Family Tradition Tags a Rare 1962½ Fairlane Sports Coupe

by Jeff Barnes

George Rogers wants to talk about his car – but first let him tell you about its plates.

Beginning almost a hundred years ago, a Rogers has driven a car with Nebraska license plates reading “1962.” The tradition started in 1919 when his grandfather Edgar took on a very interesting job – that of chauffeur to George and Sara Joslyn (yes, THE Joslyns of Joslyn Castle fame).

“My grandfather lived above the estate’s carriage house,” said Rogers, a professor at Clarkson College. “I have pictures of my grandfather and father in the picture, at the castle. I recently identified a photo at the castle’s archives, with my grandfather holding open the door of a 1919 Packard for the Joslyns.”

The first car the “1962” plates went on was the couple’s 1913 Stevens-Duryea, and as used to be the custom, always received that number when renewing the plates. They were transferred to Edgar after Sara Joslyn’s death in 1940. He regularly renewed the plates and they stayed with the family not only through time but a tornado. “They went through the ’75 tornado at 84th and L, on a 1970 Maverick flipped upside down,” Rogers said.

The Maverick was, of course, a Ford and Rogers has always been a Ford guy, and the plates now sit, not too coincidentally, on Rogers’ 1962 ½ Ford Fairlane Sports Coupe. Having the number on the model year is a neat trick, but his first car actually was a 1962 Fairlane that his grandfather gave him. Years after selling it, he went looking for one again in the 1990s.

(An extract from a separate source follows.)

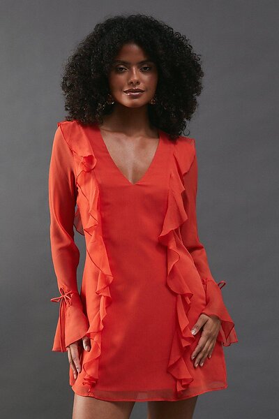 Warehouse Chiffon Ruffle Detail Tie Sleeve Mini Dress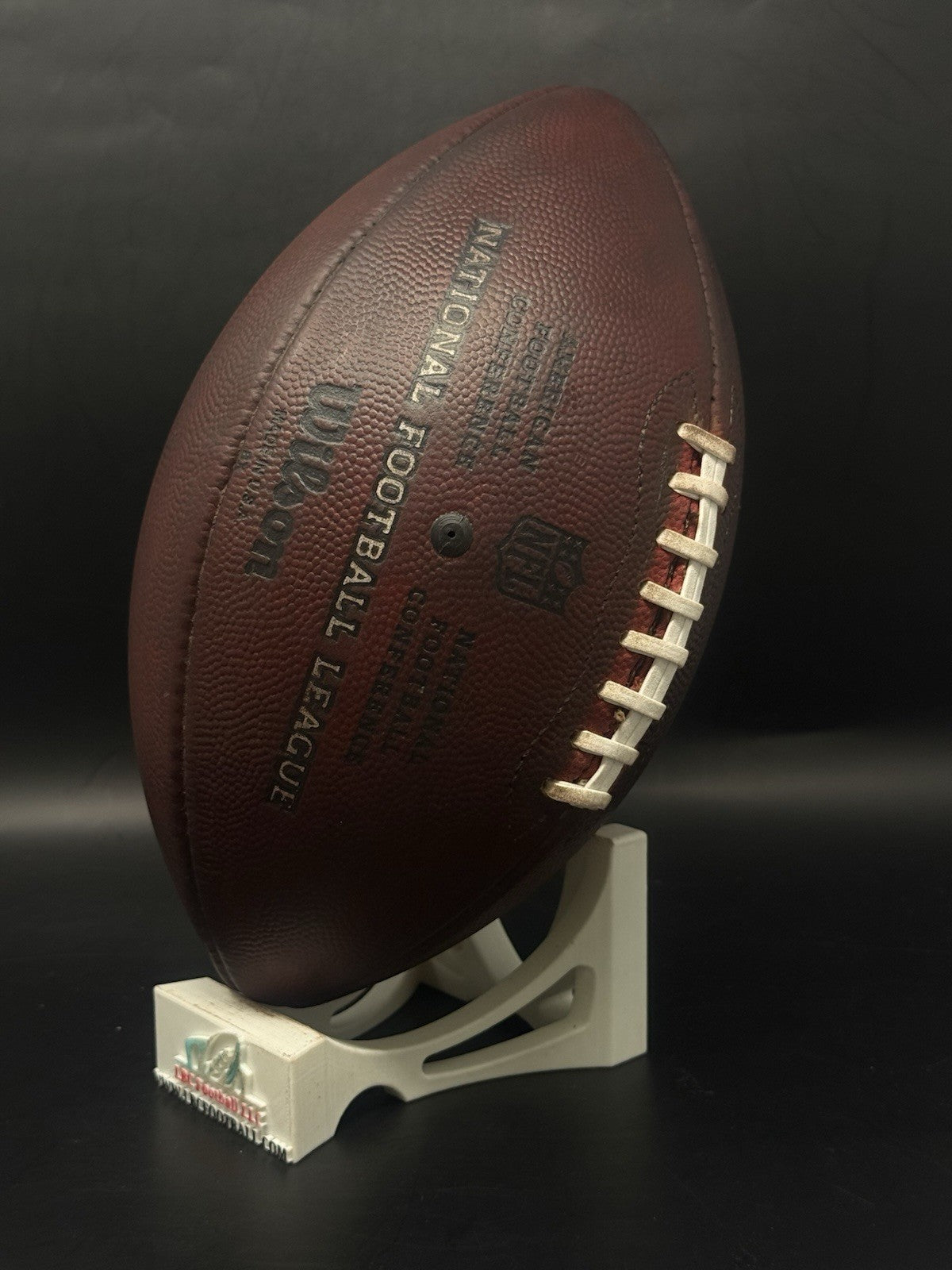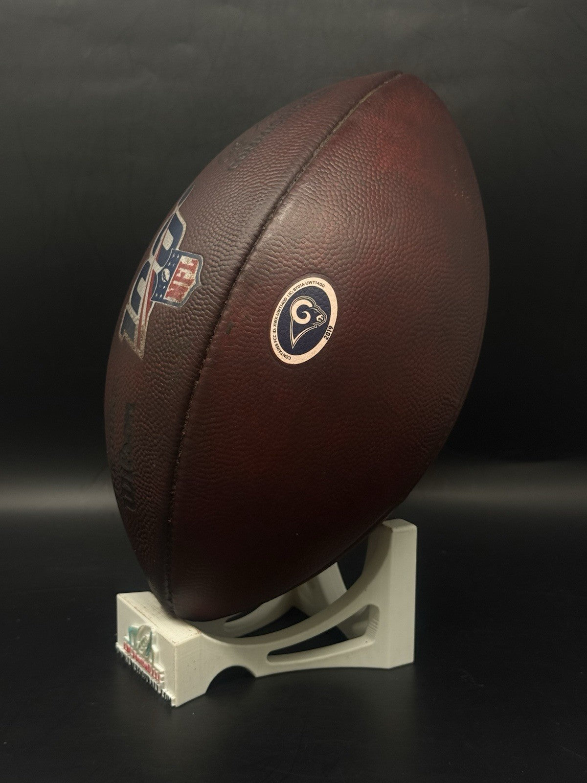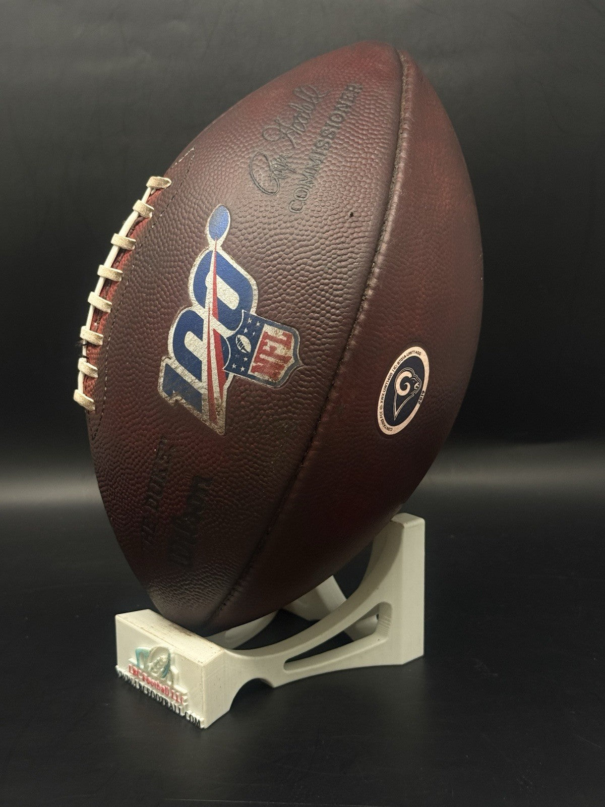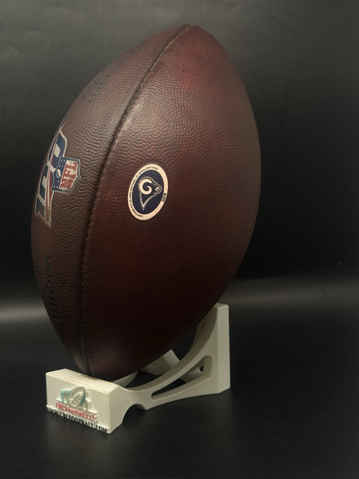 This Rams game ball comes with the team logo, season year and RFID serial number for the microchip inserted inside this football. This football also has the 100yr Anniversary logo embossed on the leather panel which was used by every team during the 2019 NFL season.

“My sons knew I was looking for one and found it in the paper for $250,” said Rogers, then a professor at UNL. “It was a piece of crap – it still had 1975 plates on it so hadn’t been run since then. There was no engine in it, and my wife wouldn’t even let it in the garage for the mice she thought would be in it.”

Still teaching full-time, it was only partially restored when he took a job at Purdue University. He finished it in 2004 while still there, making it an eight-year restoration.

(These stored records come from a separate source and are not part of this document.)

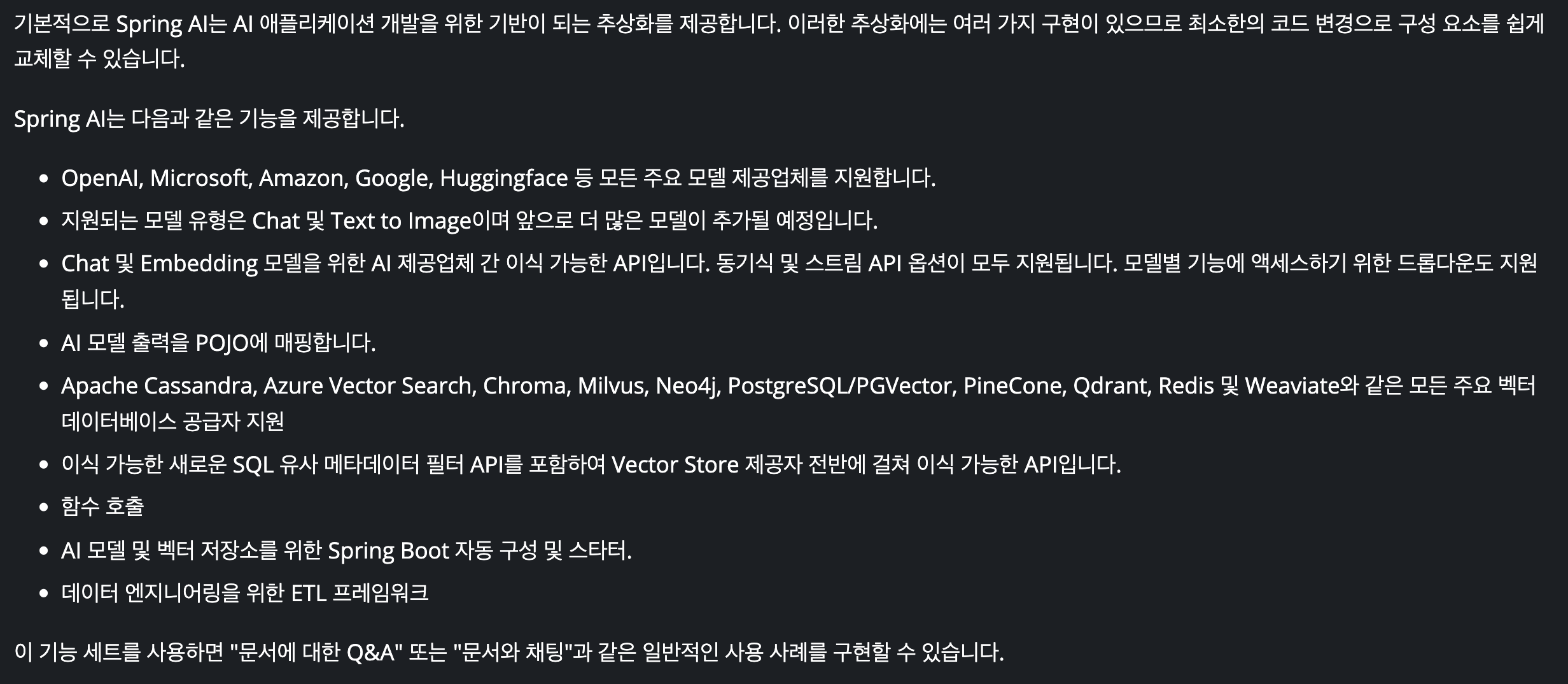 ๋ค์ ๊ธ์์๋ Spring AI๋ฅผ ๋ณด๋ฉฐ ๋๋ ์ฅ๋จ์ ์ ๋ํด ๊ธ์ ์์ฑํด ๋ณด๋๋ก ํ๊ฒ ์ต๋๋ค.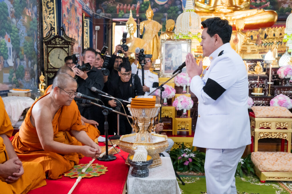 เมื่อเดินทางมาถึง นายสุรศักดิ์ ถวายความเคารพและถวายธูปเทียนแพ หน้าพระบรมฉายาลักษณ์พระบาทสมเด็จพระเจ้าอยู่หัว หลังจากนั้นหยิบผ้าพระกฐินพระราชทานจากพานเดินเข้าสู่พระอุโบสถ พร้อมวางผ้าพระกฐินบนพานแว่นฟ้า พระสงฆ์กระทำพิธีอุปโลกน์ และสวดญัตติทุติยกรรม พระสงฆ์รูปที่ได้รับฉันทานุมัติให้เป็นผู้ครองผ้าพระกฐินลงไปครองผ้า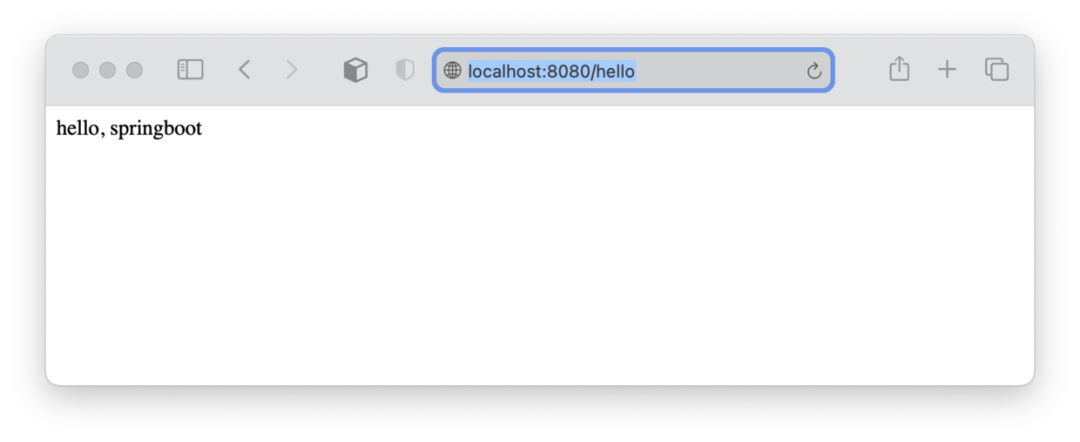 @Controllerpublic class HelloController { @GetMapping("/hello") @ResponseBody public String hello() { return "hello, springboot"; }}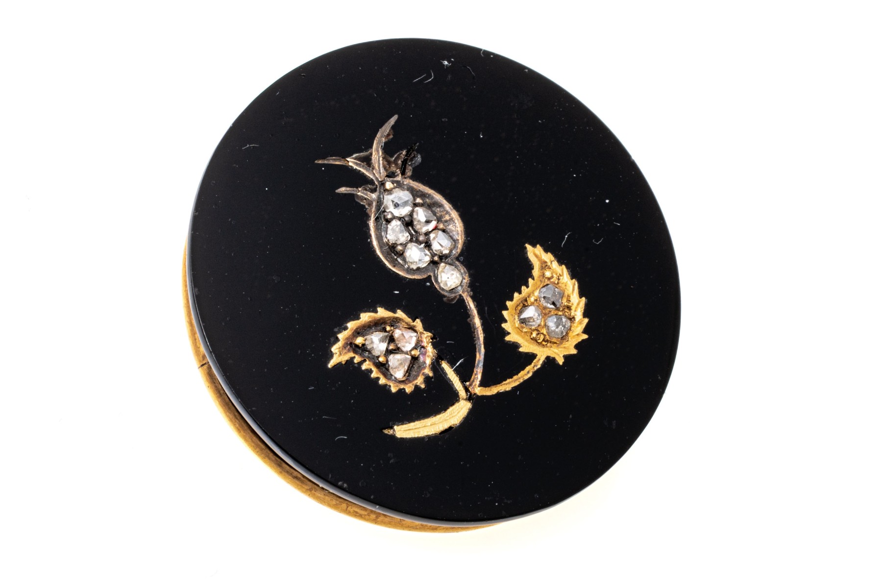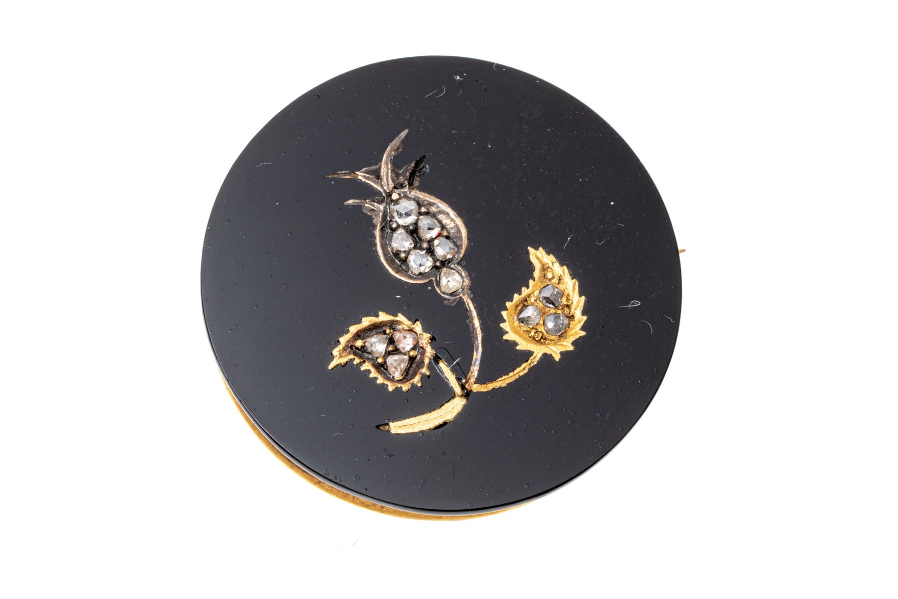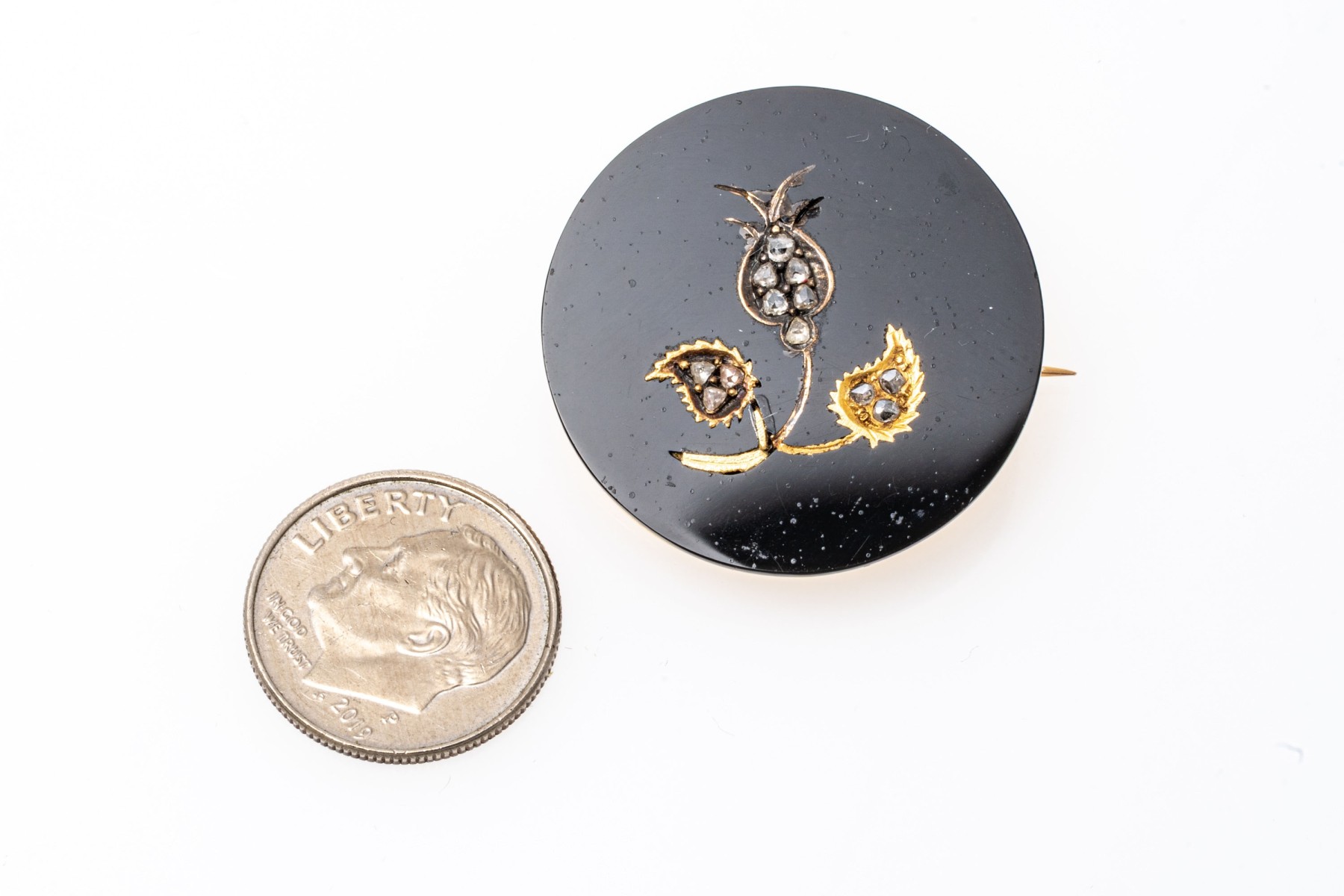 14k yellow gold handsome black onyx mourners brooch, with rose cut diamond foliate center

“It was hard to budget out the time while working, but I did everything myself,” Rogers said, with the exception of MAACO doing the paint job, recreating the original “Heritage Burgundy” color. That color was originally intended for the Thunderbird, he said, but he identified it from the VIN and the build sheet found under the back seat.

Rogers’ Fairlane is the Sports Coupe, coming out in mid-year 1962. “This was rare – Ford took the Falcon bucket seats and console, put them in, and called it a sports coupe,” he said. “In 1963 they added a lot more refinements to it.”

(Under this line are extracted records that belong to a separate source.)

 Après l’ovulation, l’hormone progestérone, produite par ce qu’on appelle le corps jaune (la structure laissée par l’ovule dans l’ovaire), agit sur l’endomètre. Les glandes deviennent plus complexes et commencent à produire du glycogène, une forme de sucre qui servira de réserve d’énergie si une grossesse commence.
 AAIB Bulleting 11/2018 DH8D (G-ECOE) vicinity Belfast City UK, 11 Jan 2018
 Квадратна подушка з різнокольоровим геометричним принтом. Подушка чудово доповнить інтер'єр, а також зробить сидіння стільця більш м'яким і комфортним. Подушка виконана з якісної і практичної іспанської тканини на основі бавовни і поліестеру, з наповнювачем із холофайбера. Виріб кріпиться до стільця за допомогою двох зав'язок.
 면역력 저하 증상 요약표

He installed a rebuilt 221 c.i. Engine, rebuilt the transmission, put in all new suspension and new leaf springs, and redid the whole electrical system. “I rewired it for a modern fuse box so it would be safer to drive,” Rogers said, “and put in an alternator for better driveability and halogen lights. I also replaced the single-bowl with a dual-bowl master brake cylinder so brakes wouldn’t go out completely on me.”

He drives about 700 miles a year with the car, with the occasional local show but especially trips like the Fairlane Nationals. The next Fairlane Nationals is at Dearborn, Mich., he said, so next year will be one of the rare times he has the car on a trailer. “It’s not a show car, it’s a driver,” Rogers said, “and that was always the plan.”